A Google spokesperson welcomed the decision, stating, “We appreciate COFECE’s decision recognizing that our products give advertisers the freedom and control to use our tools in the ways that best suit their needs.”

Had Cofece found Google guilty, the company could have faced fines up to 8% of its annual revenue in Mexico. Although Alphabet does not publicly disclose specific revenue for Mexico, its “other Americas” region, which includes Latin America, generated approximately $20.4 billion in 2024.

Google continues to face antitrust scrutiny worldwide. In the United States, courts have ruled that Google holds unlawful monopolies in online search and advertising technologies. U.S. regulators have pushed for measures including data sharing and divestitures of key advertising assets to foster competition.

China Postpones Approval of $35 Billion Synopsys-Ansys Merger Amid Rising Trade Tensions

China’s State Administration for Market Regulation (SAMR) has delayed its approval of the $35 billion merger between U.S. software companies Synopsys and Ansys, according to a Financial Times report on Friday. The move comes after U.S. President Donald Trump tightened export controls targeting China’s access to advanced semiconductor design software and other sensitive technologies.

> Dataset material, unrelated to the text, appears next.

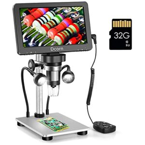 7 Digital Microscope 1200X,Dcorn 12MP 1080P Photo/Video Microscope with 32GB TF Card for Adults Soldering Coins,Metal Stand,Wired Remote,10 LED Fill Lights,PC View,Windows/Mac Compatible
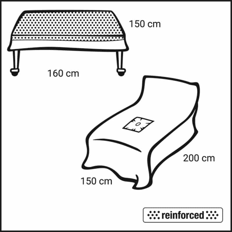 II | - 1 Table cover, reinforced, 150 x 190 cm - 1 Protect extremity drape with elastic cuff and Velcro fastener, 225 x 320 cm, fenestration 5 x 7 cm |

The delay underscores the escalating trade tensions between the world’s two largest economies, even as they reached a tentative trade truce during talks in London earlier this week. The current dispute follows China’s previous curbs on mineral exports, prompting the Trump administration to respond with additional restrictions. These include stricter controls on exports of semiconductor design software — a key area of Synopsys’s business — as well as jet engines and various advanced goods destined for China.

The Synopsys-Ansys merger had reached the final stage of the Chinese regulatory process and was widely expected to receive approval by the end of June. However, U.S. actions in late May banning chip design software sales to China added new complications to the review, according to sources cited by the Financial Times.

Neither Synopsys nor Ansys have publicly commented on the reported delay. Reuters, which also attempted to verify the report, said Synopsys declined to comment, while Ansys and Chinese regulators have not responded to inquiries.

The Trump administration’s latest export controls form part of a broader strategy aimed at limiting China’s access to technologies that could enhance its semiconductor manufacturing capabilities and, potentially, its military strength. Washington has also revoked export licenses previously granted to certain suppliers, significantly tightening restrictions on U.S. technology shipments to China.

In a separate development, the U.S. Federal Trade Commission (FTC) last month required Synopsys and Ansys to divest certain assets to address domestic antitrust concerns related to the merger. Synopsys CEO has previously confirmed that the company has obtained regulatory clearances for the deal in all jurisdictions except China.

The $35 billion merger, if completed, would combine two of the most important players in electronic design automation (EDA) and engineering simulation software — sectors crucial for the development of next-generation semiconductors and complex industrial systems.